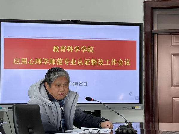 高军副院长首先强调了持续改进的重要意义,指出持续改进是师范类专业认证工作的重要理念和基本要求,也是师范类专业认证工作的价值体现,对于提高专业的人才培养质量至关重要,学院、专业和任课教师在日常教学工作中坚持师范专业认证理念,持续改进,将师范专业认证理念内化为师生的信念,外化为教与学的行为。随后,他对应用心理学专业认证整改中涉及的本年度报备材料做了详细的讲解,强调务必按要求高质量地做好整改工作方案、面向产出要求修订的制度文件和课程目标达成评价材料、持续改进证据清单。最后,他对本年度应用心理学专业报备工作做了具体的安排,并要求教育学专业也要按照专业认证的理念和要求做好日常的教学和管理工作。
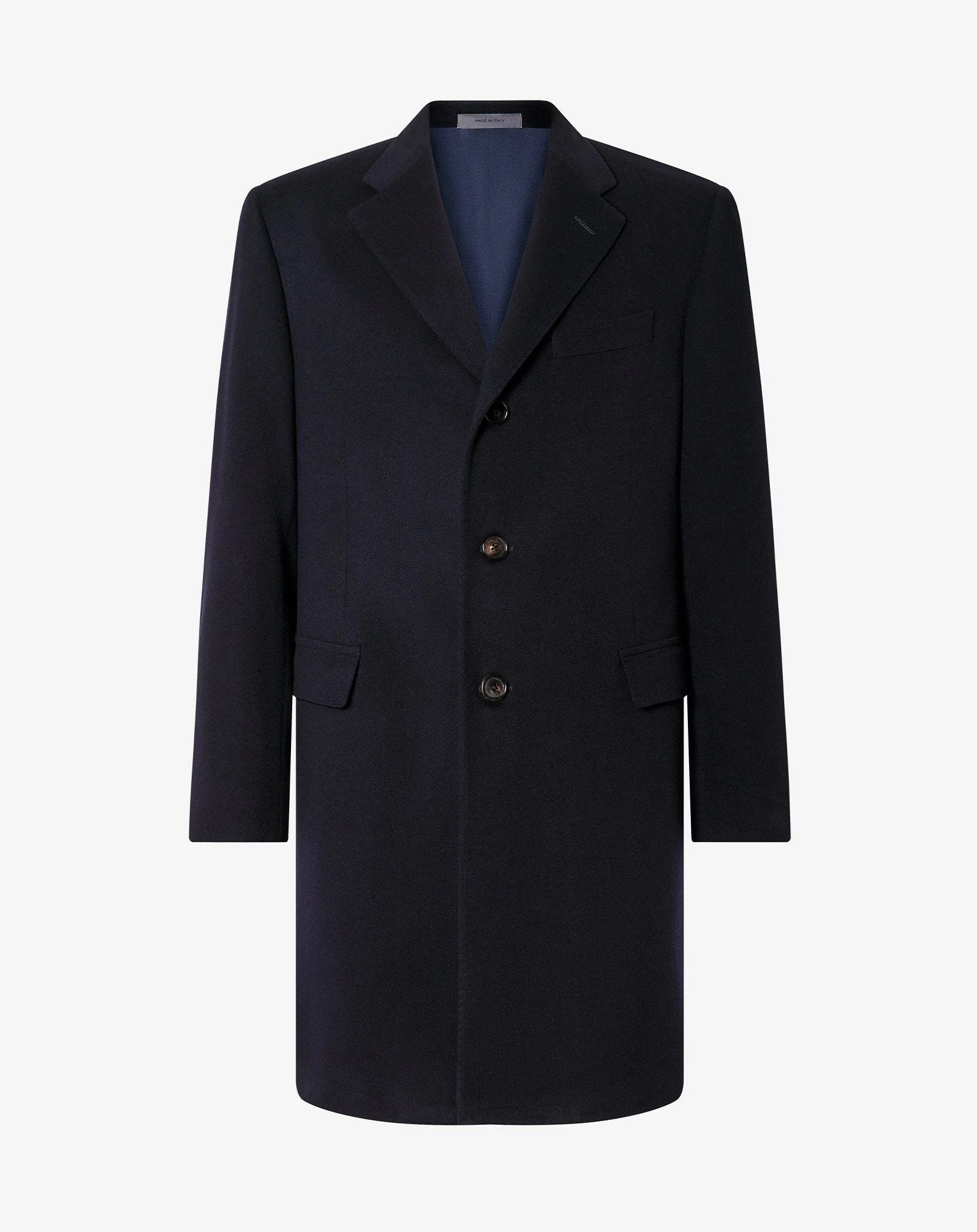 The highest quality superfine wool enhances the classic lines of this single-breasted men’s coat, the unrivalled star of the winter season. In navy blue, the garment features special details like horn buttons. DETAILS AND MATERIALS - 100% virgin wool - 3-button single-breasted superfine wool beaver coat - lined - regular fit - natural shoulders without pads - AMF edge stitching - notch lapels - welt outbreast pocket - flap pockets on the side - horn buttons - centre-vented back - 95 cm back length - made in Italy FIT & WASHING - The model is wearing a size 50 (IT). Model measurements: height 188cm, chest 98cm, waist 81cm, hips 97cm. Dry clean with perchloroethylene, do not bleach, maximum iron temperature 110°, do not tumble dry
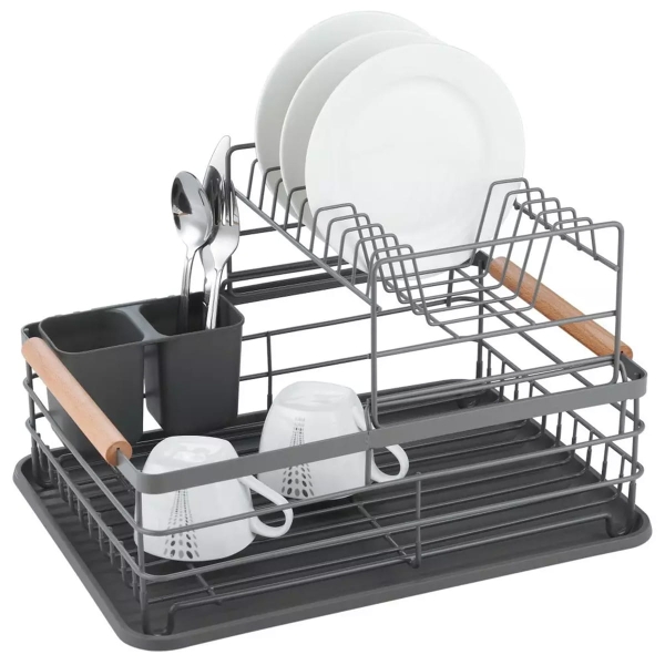 Divstāvu trauku žāvēšanas statīvs, tērauds-plastmasa-koks, pelēks – KINGHoff. Kvalitatīvs, pulverkrāsots metāla rāmis. Izturīga metāla konstrukcija. Mazgāt tikai ar rokām, nosusināt uzreiz pēc mazgāšanas. Noņemama plastmasas trauku drenāža. Izmēri: 43x32x27 cm.

- [The task] Give back the data exactly, with no images.

- [Solution for this exercise]
 高军副院长首先强调了持续改进的重要意义,指出持续改进是师范类专业认证工作的重要理念和基本要求,也是师范类专业认证工作的价值体现,对于提高专业的人才培养质量至关重要,学院、专业和任课教师在日常教学工作中坚持师范专业认证理念,持续改进,将师范专业认证理念内化为师生的信念,外化为教与学的行为。随后,他对应用心理学专业认证整改中涉及的本年度报备材料做了详细的讲解,强调务必按要求高质量地做好整改工作方案、面向产出要求修订的制度文件和课程目标达成评价材料、持续改进证据清单。最后,他对本年度应用心理学专业报备工作做了具体的安排,并要求教育学专业也要按照专业认证的理念和要求做好日常的教学和管理工作。
 The highest quality superfine wool enhances the classic lines of this single-breasted men’s coat, the unrivalled star of the winter season. In navy blue, the garment features special details like horn buttons. DETAILS AND MATERIALS - 100% virgin wool - 3-button single-breasted superfine wool beaver coat - lined - regular fit - natural shoulders without pads - AMF edge stitching - notch lapels - welt outbreast pocket - flap pockets on the side - horn buttons - centre-vented back - 95 cm back length - made in Italy FIT & WASHING - The model is wearing a size 50 (IT). Model measurements: height 188cm, chest 98cm, waist 81cm, hips 97cm. Dry clean with perchloroethylene, do not bleach, maximum iron temperature 110°, do not tumble dry
 Divstāvu trauku žāvēšanas statīvs, tērauds-plastmasa-koks, pelēks – KINGHoff. Kvalitatīvs, pulverkrāsots metāla rāmis. Izturīga metāla konstrukcija. Mazgāt tikai ar rokām, nosusināt uzreiz pēc mazgāšanas. Noņemama plastmasas trauku drenāža. Izmēri: 43x32x27 cm.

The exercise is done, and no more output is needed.